São Tomé is the capital and largest city of the Central African island country of São Tomé and Príncipe. Its name is Portuguese for “Saint Thomas”. Founded in the 15th century, is one of Africa’s oldest colonial cities.

Álvaro Caminha founded the colony of São Tomé in 1493. The Portuguese came to São Tomé in search of land to grow sugarcane. The island was uninhabited before the arrival of the Portuguese sometime around 1470. São Tomé, situated about 40 kilometres (25 mi) north of the equator, had a climate wet enough to grow sugarcane in wild abundance. 2,000 Jewish children, eight years old and under, were taken from the Iberian peninsula for work on the sugar plantations. The nearby African Kingdom of Kongo eventually became a source of slave labor as well. The island of São Tomé was the main center of sugar production in the sixteenth century; it was overtaken by Brazil by 1600.

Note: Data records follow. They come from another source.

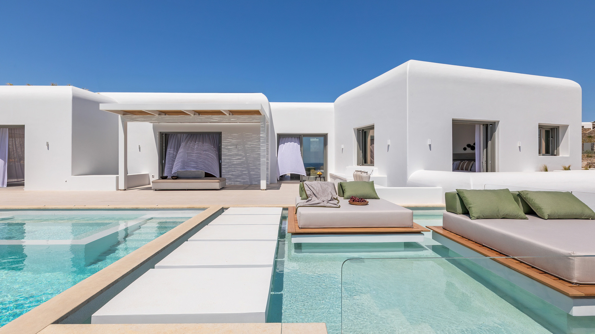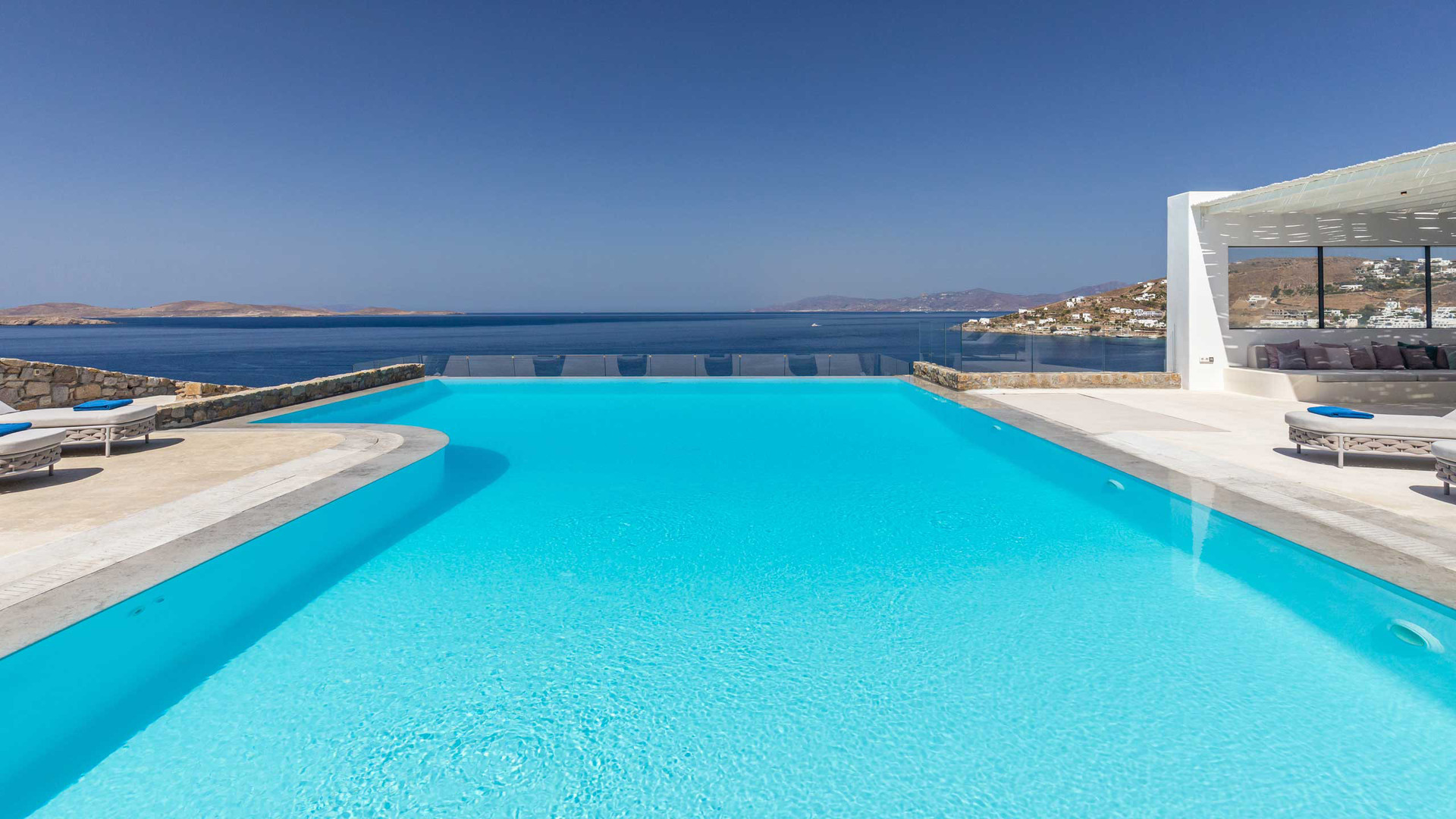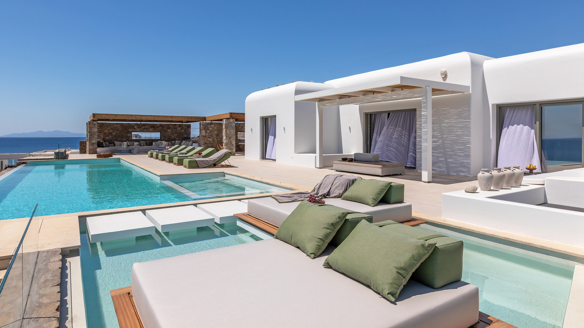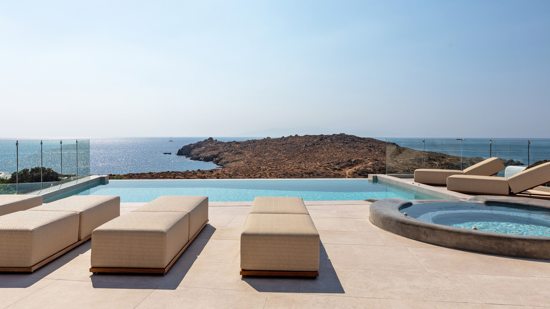 Outdoor living is central to the experience. Two infinity pools face the sea, complemented by three outdoor jacuzzis positioned for relaxation at any time of day. Multiple exterior lounges, an outdoor fireplace and barbecue create inviting spaces for gathering, while an outdoor gym allows for exercise in the fresh island air. Aitherion is an assured, high-end retreat offering privacy, sea views and a relaxed yet refined Mykonos lifestyle.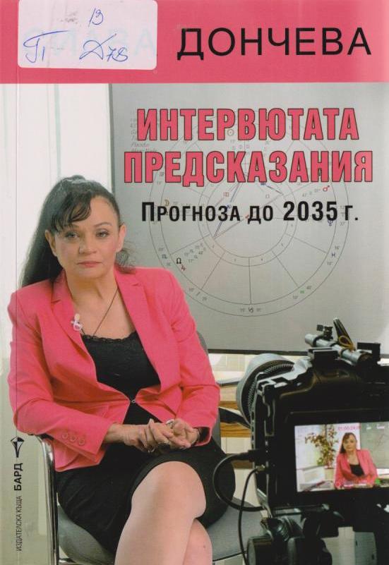 П/13/Д78 ДОНЧЕВА, Силва Интервютата предсказания / Силва Дончева. - София : Бард, 2025. - 560 с. ; 21 см ISBN 978-619-03-0346-6 Сист. N: 105042 |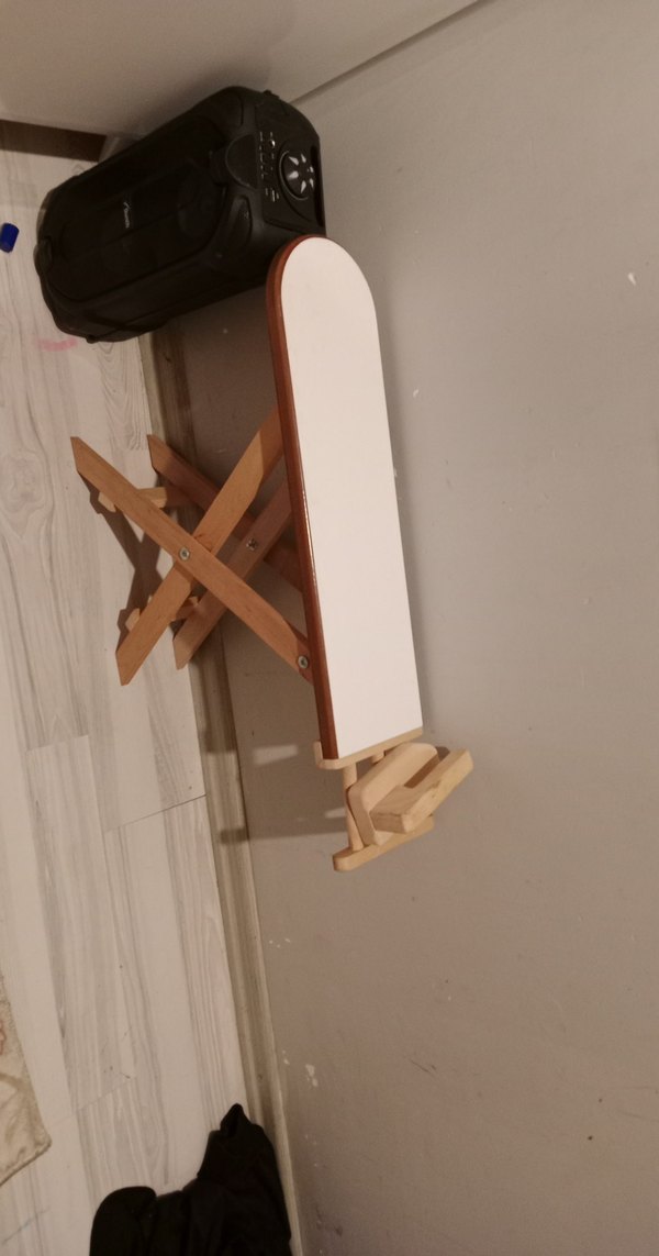 Bej renkte, katlanabilir ayaklı ve pürüzsüz yüzeye sahip dayanıklı ahşap oyuncak kaykay.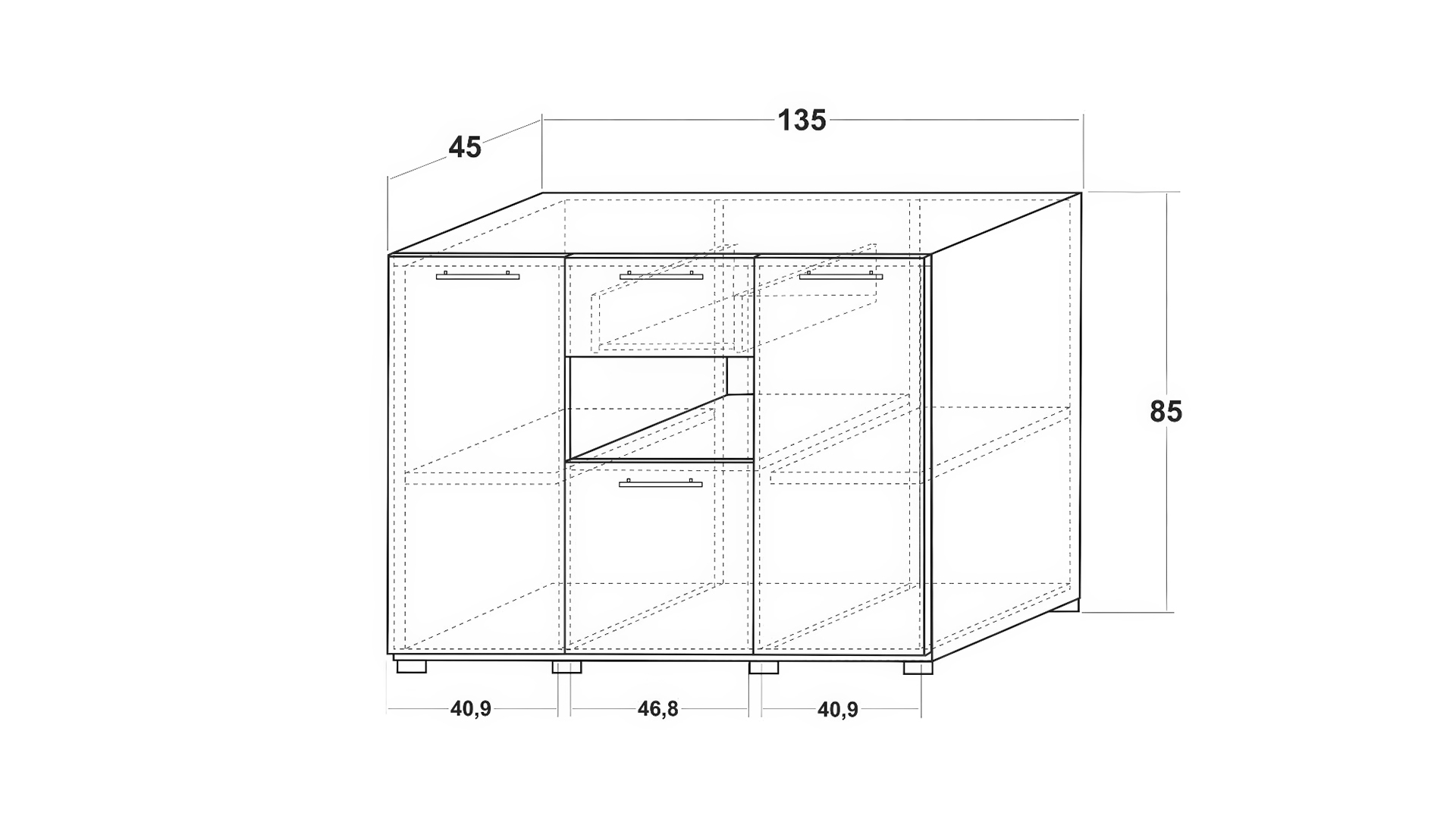 Д: 135 см Ш: 45 см В: 85 см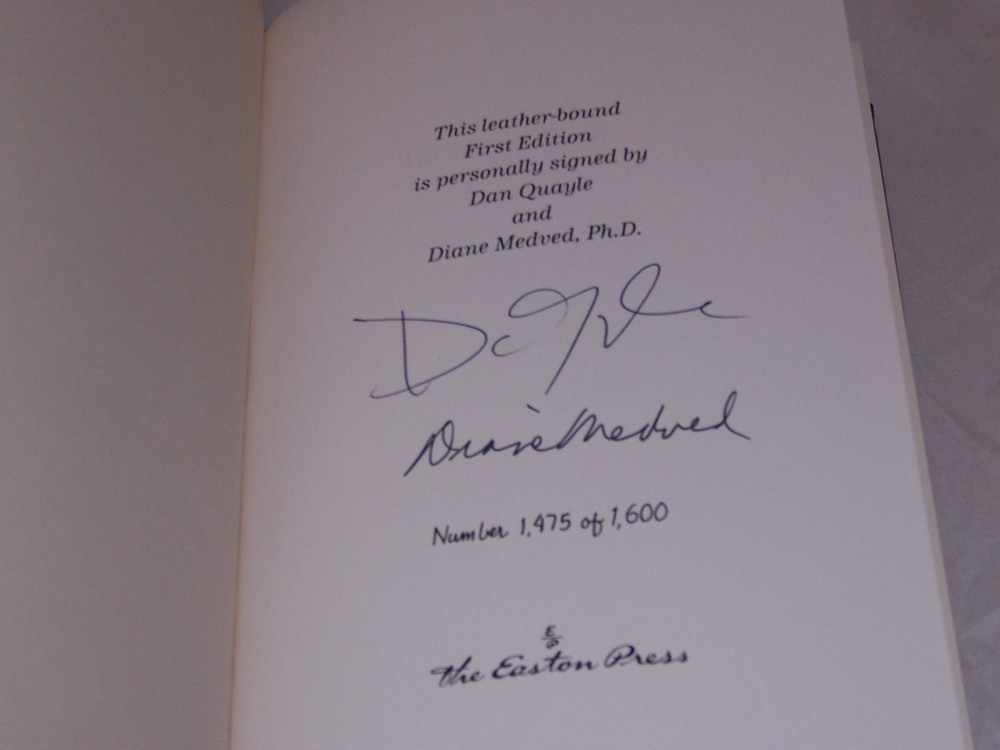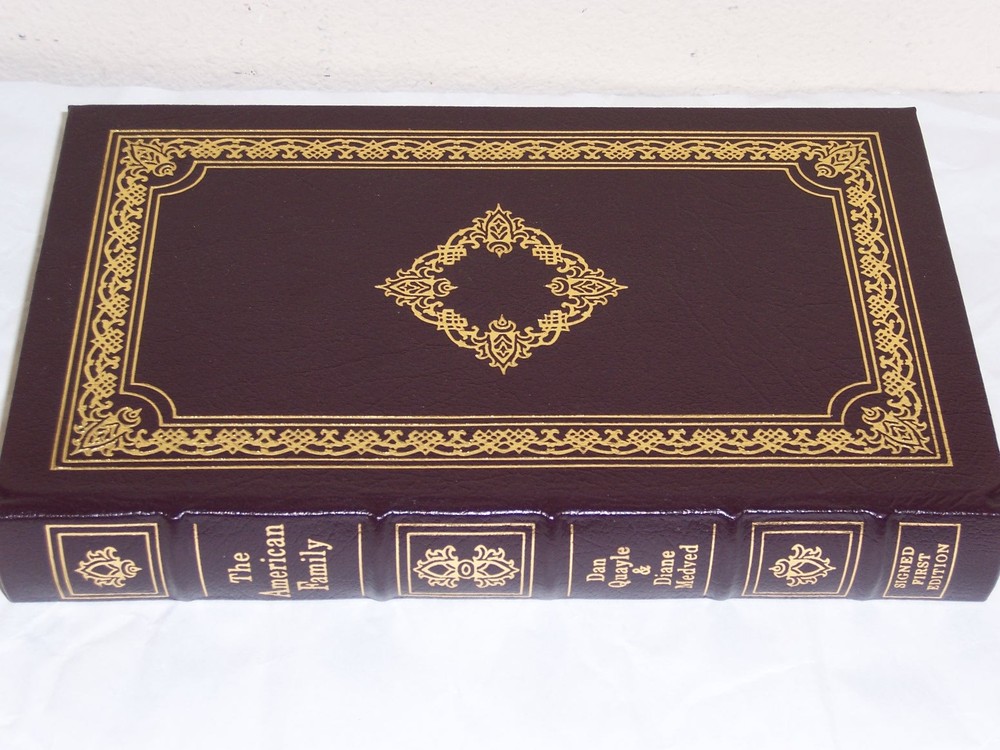 Books from Easton Press Bound in premium leathers, distinctive cover design, hubbed spine accented in 22-karat gold Endsheets of rich moire fabric, permanent satin ribbon page marker Thread sewn pages for strength and durability, gilded page edges for beauty and protection Handsome readable typefaces, beautiful illustrations, archival-quality acid-neutral paper TITLE The American Family: Discovering the Values that make us strong AUTHOR Dan Quayle and Diane Medved MORE DETAILS Signed first edition personally signed by Dan Quayle and Diane Medved, number 1,475 of 1,600 limited copies DESCRIPTION Like new condition, unread, clean inside, tight hardcover binding SHIPPING Books will be packed safely, and shipped via USPS Media Mail with tracking number.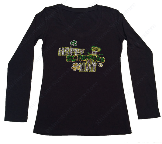 Womens T-shirt with Happy St. Patrick's Day in Rhinestones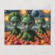 A group of aliens have landed in a weird field of apples that somehow has cactus growing in it as well
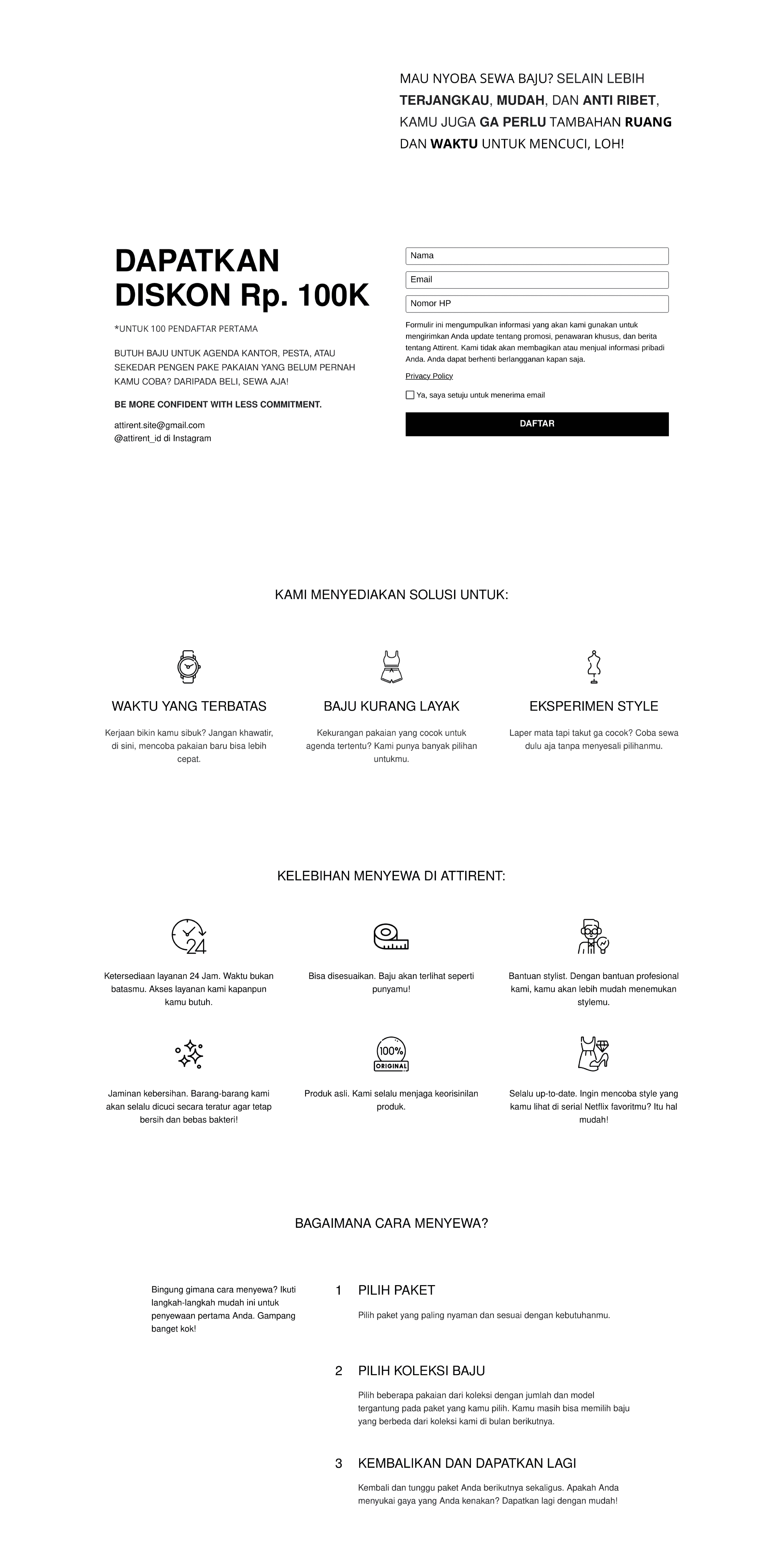 Create fully-functional, devices-friendly landing pages to generate leads for our group project brand "Attirent"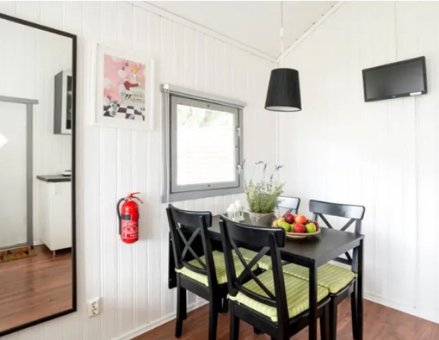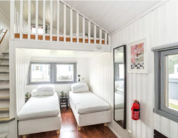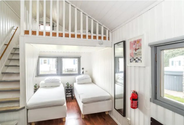 I samarbete med First Camp erbjuder Stay Smart stugor i Helsingborg.Stugan passar perfekt för det mindre företaget eller för anställda som behöver ett enkelt och funktionellt boende. På det mysiga sovloftet finns två 80 cm bäddar, och ytterligare två bäddar finns i allrummet på nedre plan. Stugan är utrustad med kyl, kokplatta och kaffebryggare. Dusch, toalett och kök finns i närliggande servicehus med bekväm tillgång.

São Tomé is centred on a sixteenth-century cathedral, that was largely rebuilt in the 19th century. Another early building is Fort São Sebastião, built in 1566 and now the São Tomé National Museum. On July 9, 1595, a slave revolt led by Rei Amador took control of the capital; they were subjugated the following year. In 1599, the Dutch took the city as well as the islands for two days; they re-occupied it in 1641 for a year. The city served as the capital of the Portuguese colony of São Tomé and Príncipe and, from São Tomé and Príncipe’s independence in 1975, as capital of the sovereign nation.